Absolutely Needed Options: --group and --resource-provides¶
Accounting group option --group¶
This is needed for authorization in the Fermilab VOMS.
The URL https://fifebatch.fnal.gov:8443/jobsub/acctgroups/ shows which groups are currently supported
URL output on 5/31/18:
admx annie argoneut captmnv cdf cdms chips coupp darkside des dune dzero fermilab genie gm2 icarus lar1 lar1nd lariat lsst marsaccel marsgm2 marslbne marsmu2e minerva miniboone minos mu2e next numix noble nova patriot sbnd seaquest test uboone
Steering jobs with --resource-provides¶
- This information is specific to SERVER https://fifebatch.fnal.gov:8443 as of June 2014
- all slots on fifebatch are grid slots, there are no local batch. The -g flag is on by default
- steering to quota slots, opportunistic slots, offsite, fermigrid and amazon is supported using --resource-provides.
- The --opportunistic flag has no effect on fifebatch1
DESIRED COMPUTING RESOURCE | COMMAND LINE OPTION |
---|---|
Amazon | --resource-provides=usage_model=PAID_CLOUD |
Fermigrid (Dedicated/Slots with Quota) | --resource-provides=usage_model=DEDICATED |
Fermigrid (Opportunistic Slots) | --resource-provides=usage_model=OPPORTUNISTIC |
Fermicloud | --resource-provides=usage_model=FERMICLOUD |
OSG | --resource-provides=usage_model=OFFSITE |
Example: Submitting a job to quotaed worker nodes Fermigrid¶
$ jobsub_submit -G nova --resource-provides=usage_model=DEDICATED file://$HOME/nova.sh 1 Server response code: 200 Response OUTPUT: /fife/local/scratch/uploads/nova/dbox/2014-06-09_144727.804063_7006 /fife/local/scratch/uploads/nova/dbox/2014-06-09_144727.804063_7006/nova.sh_20140609_144728_12037_0_1.cmd submitting.... Submitting job(s). 1 job(s) submitted to cluster 269. JobsubJobId of first job: 269.0@fifebatch2.fnal.gov Use job id 269.0@fifebatch2.fnal.gov to retrieve output Remote Submission Processing Time: 0.379333019257 sec
Advance Use Cases¶
Following table lists command line options that can be used to specify additional job constraints
USE CASE | OPTION |
---|---|
Add custom integer attribute in job's classad (e.g. my_int_var = 9) | --lines=+my_int_var=9 |
Add custom string attribute in job's classad (e.g. my_str_var = "foo") | --lines=+my_str_var="foo" |
Submitting a Tar Ball¶
For a more detailed discussion, please see Tardir_and_dropbox_URIs
NOTE:there are many methods of sending input files to your job, such as using the -f input_file option, using wget to pull your files from a squid cache, or using condors transfer_input_file mechanism to upload a file to the worker node from the jobsub_server which is described below. If the server is not configured correctly for the transfer_input_files method you may overload it with network traffic causing submission problems for other users. Consult with the server operations staff prior to using this option heavily.

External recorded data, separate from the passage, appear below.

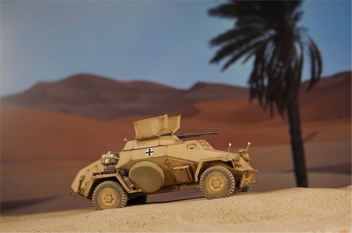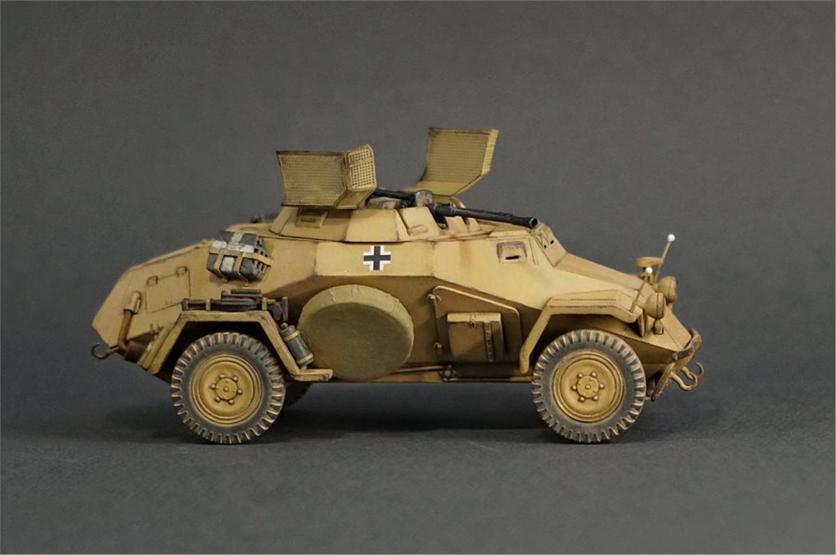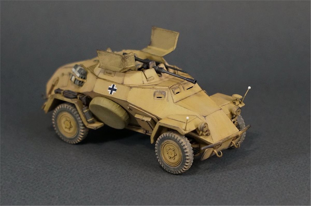 Модель немецкого бронеавтомобиля Sd.Kfz.222 от фирмы ICM в масштабе 1:48. Модель довольно приятная в сборке, хотя и имеет много упрощений детализации и из коробки смотрится бедно и пусто. Поэтому при постройке использовал много всяческой мелочевки и кое-какое
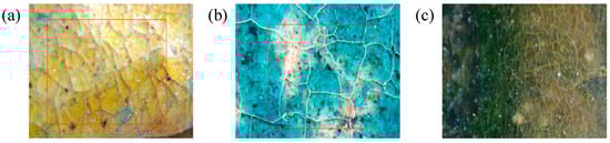 The morphology of glaze peeling on the HTWS samples: (a) peeling at the edge of the yellow glaze; (b) peeling of the green glaze surface; (c) peeling of the green glaze surface.
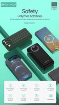 High-Capacity 20000mAh Battery: Powers multiple devices with a long-lasting Li-Polymer battery for extended use.
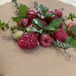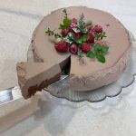 Утром я вынула муссовый торт из холодильника, сняла пергамент, присыпала сахарной пудрой и украсила свежей клубникой и листиками мяты.
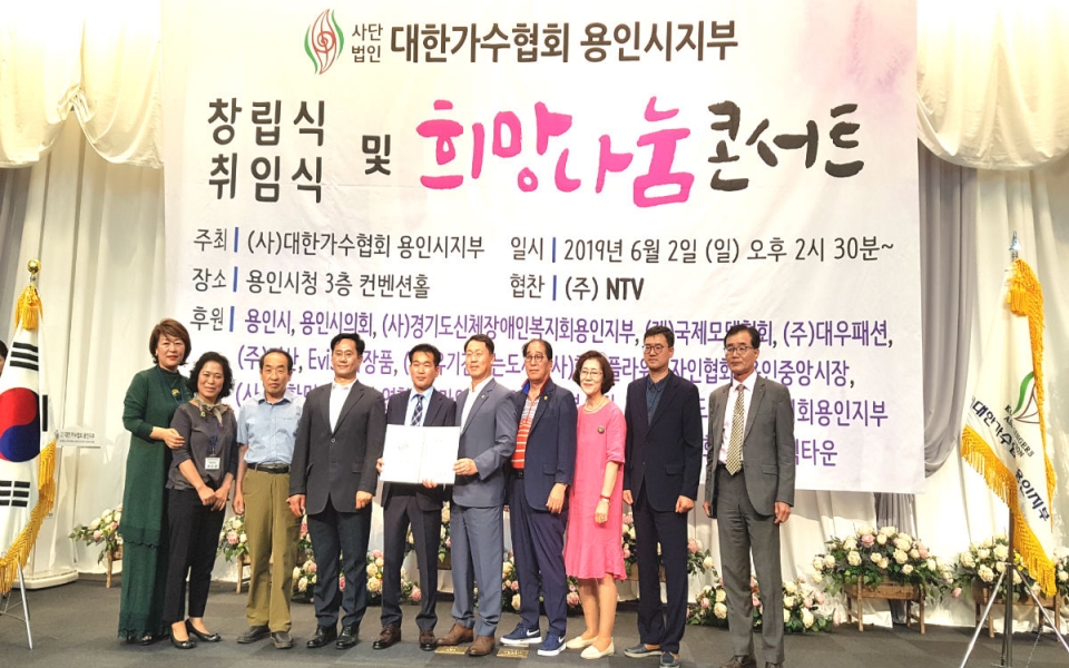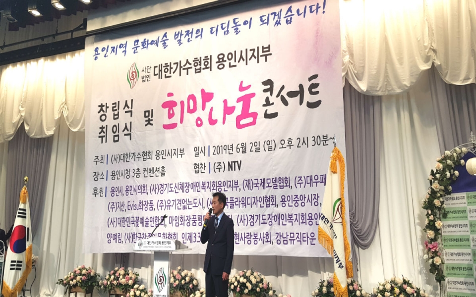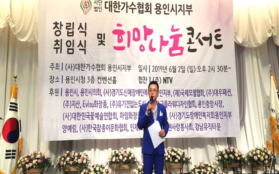 6월 2일 오후2시, 용인시청 컨벤션홀에서는, 대한가수협회 용인시지부 창립식 및 지부장 취임식이진행되었다.

The jobsub_client input option --tar_file_name dropbox://(my_tar_file_name) will upload (my_tar_file_name) to the dropbox configured on the jobsub server (usually an experiment's dCache scratch or resilient area), and then transfer the tarball to the resulting condor job. When the job is started on the worker node, the envrionment variable $INPUT_TAR_FILE will point to(my_tar_file_name). The tar ball will be automatically unwound in the same directory that the users job starts in, and its contents accessed or run through the relative directory paths that were copied into the tarball.
Using the Rapid Code Distribution Service via CVMFS in jobsub 1.3 and later¶
The procedure for this is the same for submitting a tarball, but currently, you will also have to specify the extra option:
--use-cvmfs-dropbox
before the file:// URI. More details and a full writeup of the feature can be found here.
User Job Execution Flow and Jobsub Environment Variables¶
Groups Subgroups, Quotas, Priorities¶
- When a jobsub job is submitted, a condor classad attribute +AccountingGroup = "group_(experiment).(username)" ie, if user dbox in group nova submits a job +AccountingGroup = "group_nova.dbox" is used for assigning this job to group nova's quotas and priorities.
- The --subgroup flag is used to modify this attribute, which affects job priority.
- In the above example, if user dbox in group nova added --subgroup=high_prio to his submission, the resulting classad attribute would be +AccountingGroup="group_nova.high_prio.dbox" .